Some federal agencies’ use of devices that track cellphone locations will now be restricted to cases where officers have obtained a search warrant, according to a policy released by the U.S. Justice Department on Thursday.

Until now, agencies such as the FBI and the Drug Enforcement Administration have been able to use so-called cell-site simulators without applying for a warrant or outlining a probable cause.

Cell-site simulators replicate cell towers to pick up location-identifying information that allow law enforcement to apprehend fugitives, conduct narcotic investigations or rescue a kidnapped child, the Justice Department said.

But the new guidance pointed out they must be used in accordance with the “protections of the Constitution.”

The American Civil Liberties Union estimates at least 53 agencies across 21 states use cell-site simulators, but the number could be much higher because many keep their purchasing of the devices a secret.

The devices also pick up information on bystanders near the person being tracked, according to the ACLU.
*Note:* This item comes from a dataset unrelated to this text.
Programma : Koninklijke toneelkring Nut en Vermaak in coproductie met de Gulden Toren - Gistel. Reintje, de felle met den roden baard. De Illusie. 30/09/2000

The new regulations come during a debate over privacy versus security that was spurred by disclosures from fugitive former U.S. spy agency contractor Edward Snowden in 2013 that the United States collected Americans’ cellphone data without warrants.
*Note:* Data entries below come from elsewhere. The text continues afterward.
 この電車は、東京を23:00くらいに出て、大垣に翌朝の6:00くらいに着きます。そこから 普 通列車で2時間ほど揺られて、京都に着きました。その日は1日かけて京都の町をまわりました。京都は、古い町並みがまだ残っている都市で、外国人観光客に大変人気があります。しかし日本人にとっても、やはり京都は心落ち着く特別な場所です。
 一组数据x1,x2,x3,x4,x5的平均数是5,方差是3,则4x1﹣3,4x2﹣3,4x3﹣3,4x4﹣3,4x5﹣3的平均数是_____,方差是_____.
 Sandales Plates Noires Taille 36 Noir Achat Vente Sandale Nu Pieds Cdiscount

There will be exceptions that will allow federal agencies to use cell-site simulators without obtaining a warrant, such as in “exigent circumstances,” the guidelines said.

State and local agencies will have to comply with the new rules only in cases they are investigating in tandem with federal agencies, the Justice Department said.

Other rules introduced on Thursday include training personnel to use the equipment appropriately and mandatory supervision.